Créer une foule d’esclaves dans un épisode de Game of Thrones de la saison 6. Voilà le genre de mission que mène cette artiste 3D de 26 ans!
Chez Rodeo FX, Marie-Soleil Chabot se spécialise en simulation de foules. C’est elle qui insuffle aux acteurs virtuels des comportements complexes. Son talent? Une programmation minutieuse. Zoom sur une profession rare et recherchée.
Espresso-Jobs: Pouvez-vous me présenter votre travail?
Marie-Soleil Chabot: Je suis une artiste 3D spécialisée en simulation de foules chez Rodeo FX. Une production visuelle peut avoir besoin de figurants, pour remplir une ville par exemple, et on crée des acteurs virtuels, en 3D. J’interviens après l’animation et avant l’éclairage 3D. J’envoie mon travail aux artistes lightning. Je suis dépendante du travail des autres départements : animation, modeling et textures, etc.
Quelles sont vos réalisations récentes?
J’ai créé la foule d’esclaves dans un épisode de Game of Thrones de la saison 6. Les foules peuvent aller de 100 à 12000 personnes environ. J’ai créé une foule de gens faisant leur jogging au bord d’une rivière à Shanghai pour une publicité destinée au marché chinois. Les plans avaient été filmés par drone à vol d’oiseau, il fallait que j’y intègre des acteurs 3D qui aient l’air de courir de manière organique. C’est ça le vrai défi, créer quelque chose qui a l’air d’être vrai, attribuer aux acteurs des types de comportements réalistes.
Quelles sont les contraintes de la simulation de foules?
Il y a des modèles plus ou moins lourds en matière de définition. Si c’est en trop haute résolution, ça peut devenir très lourd à gérer car ça augmente les temps de rendus de façon phénoménale. Il faut aussi créer un «cerveau» à ton acteur, lui donner un comportement pour qu’il fasse telle ou telle action. Il ne peut pas faire n’importe quoi dans la foule. Par exemple, il ne peut pas marcher sur les pieds d’un autre. Il ne peut pas y avoir de collision non plus. Pour faire cette programmation visuelle, je travaille sur un logiciel français Golaem, qui permet de créer des comportements, ou le logiciel chinois Miarmy.
Pensiez-vous dès le début de votre carrière à vous spécialiser en simulation de foules?
C’est un concours de circonstances. J’ai eu de la chance, c’est un métier très recherché, très en demande. Je dirais que nous sommes qu’une vingtaine à Montréal.

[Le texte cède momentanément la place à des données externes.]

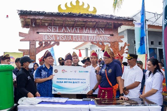 Menteri Pariwisata dan Ekonomi Kreatif Sandiaga Uno bersama dengan Kepala KCU BCA Lampung Peter Soeryadi melakukan kunjungan ke Pulau Pahawang, Lampung pada Minggu (28/08). Desa Wisata di Pulau Pahawang merupakan Desa Mitra Bakti BCA yang turut menjadi bagian dari program ADWI 2022.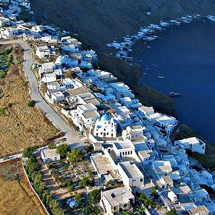 | Its main settlement, Manolas Village, sits perched on a hill with captivating views from its caldera. Therasia retains a more traditional, slow-paced charm. Whitewashed houses, narrow cobbled paths, and colorful churches dot the island, giving visitors a feel of authentic Cycladic architecture. The village’s hilltop location offers panoramic views from the caldera to Santorini's famous sunset, without the crowds. | |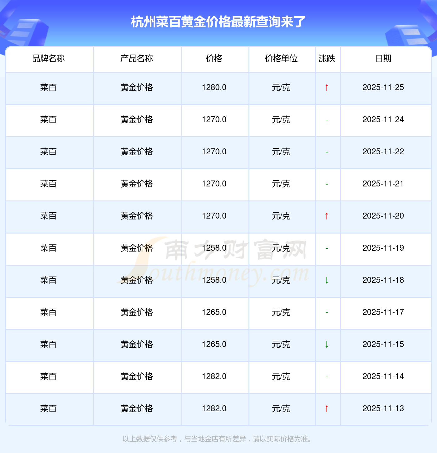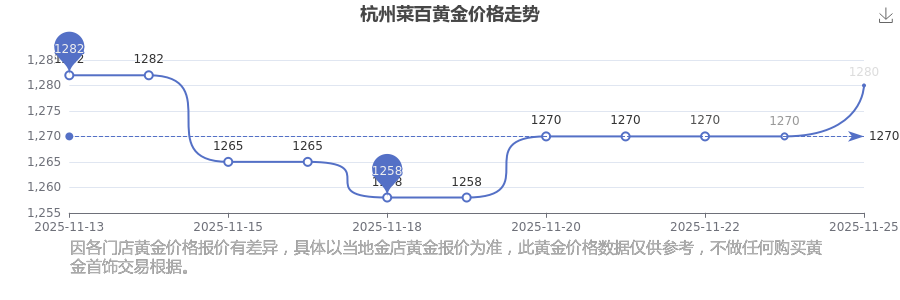 2025年11月25日杭州菜百黃金價(jià)格是1280.0元/克。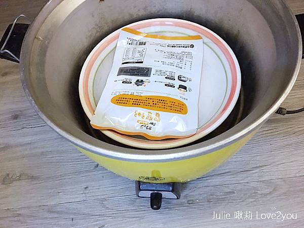 加熱時間不需要太長,所以外鍋水不用倒太多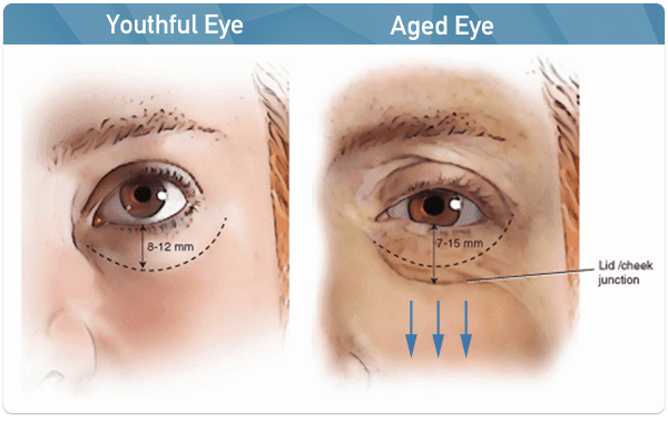 因為隨著年紀,眼皮和臉頰的交界面(Lid Cheek Junction)也會慢慢下降,而不是呈現上提、緊緻的情況。所以就算處理完脂肪、皮膚,下眼部還是呈現三角形垂墜的假性眼袋。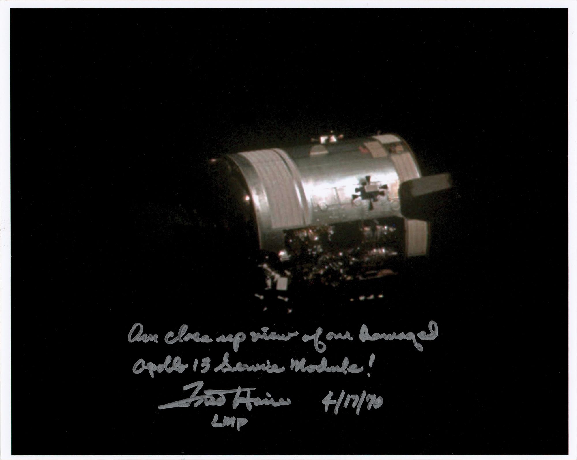 Color satin-finish 10 x 8 photo of the crippled Apollo 13 service module floating in space, signed in silver ink, "Our closeup view of our damaged Apollo 13 Service Module! Fred Haise, LMP, 4/17/70." In fine condition, with a light bend to the lower right corner area.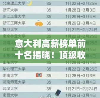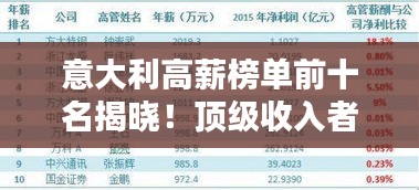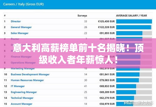 意大利是一个经济发达的国家,其薪资水平也一直处于世界前列,本文将介绍意大利年薪榜排名前十名的相关信息,包括职业、年薪等。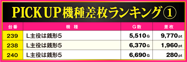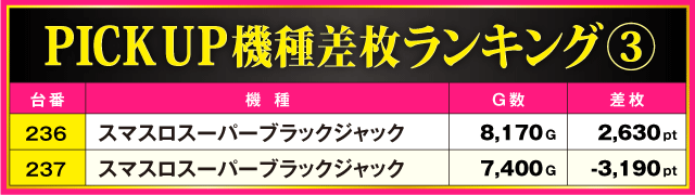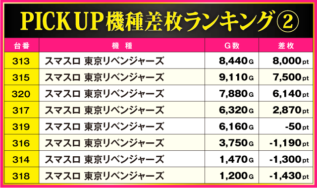 今回のPICK UP機種は全3機種。『L主役は銭形5』は3台すべてがプラスで総差枚も大幅プラスとなった。『スマスロ 東京リベンジャーズ』からは+6,000pt超が3台と大活躍。『スマスロスーパーブラックジャック』からは+2,000pt超が発生している。さらに、3機種トータルの全13台中8台がプラス差枚となっているだけに、それぞれのシマは常に活気に満ち溢れる一日となった。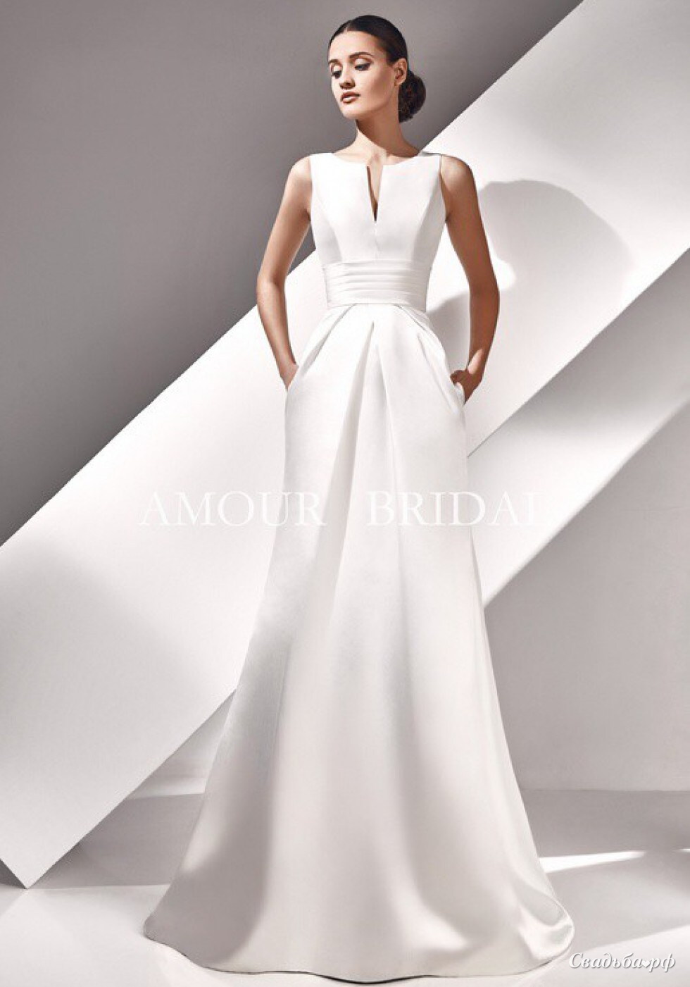 Элегантное свадебное платье с небольшим шлейфом. Выгодно подчеркивает фигуру.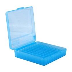 MTM originated the 100 round flip-top handgun ammo boxes over 30 years ago. The Case-Gard P-100’s are the perfect ammo carrier for the handgunner who wants to spend several hours at the range. Ideal for storing reloads. They have an easy to grip, scuff-resistant textured surface and are stackable. The Snap-Lok latch and full length mechanical hinge are guaranteed for 25 years. Calibers for each box our listed on the bottom of each box. Load label included.

J’ai d’abord commencé à travailler en roto-paint puis j’ai eu l’opportunité d’intégrer l’équipe en simulation de foules sur Game of Thrones. Je me suis formée en une semaine. Avoir des résultats rapidement, c’est très gratifiant. Rajouter une foule dans une séquence, ça rajoute de la vie, ça donne un cachet de réalisme. Dans la saison 6 de Game of Thrones, il y a une scène où des cavaliers courent à toute vitesse pour aller se battre, j’avais l’impression de contrôler 1000 personnes avec leurs chevaux! J’ai adoré faire ça!
Quelles sont les qualités nécessaires pour cet emploi?
Il faut avoir beaucoup de patience, faire attention aux détails, ceux-ci ne pardonnent pas dans la simulation de foules. Les modèles peuvent être beaux, moins détaillés car on les voit de loin mais les comportements complexes doivent être soignés à chaque étape. Il faut absolument que les gens dans la foule aient l’air normal, ils doivent s’arrêter au feu rouge au coin de la rue, respecter le trafic. Et il faut programmer chaque action.
Et plus techniquement?
Il faut avoir des connaissances en «rigging», c’est-à-dire la création de squelettes/armatures pour personnages 3D, mais aussi des connaissances générales dans chaque département. Il faut être capable de comprendre ce qu’est le shading, les textures, etc. Avoir des bases en programmation est aussi un avantage. La simulation de foules n’est pas vraiment enseigné dans les écoles au Québec alors la personne intéressée ne doit pas hésiter à se renseigner par elle-même et à apprendre les bases, comme moi, sur le tas!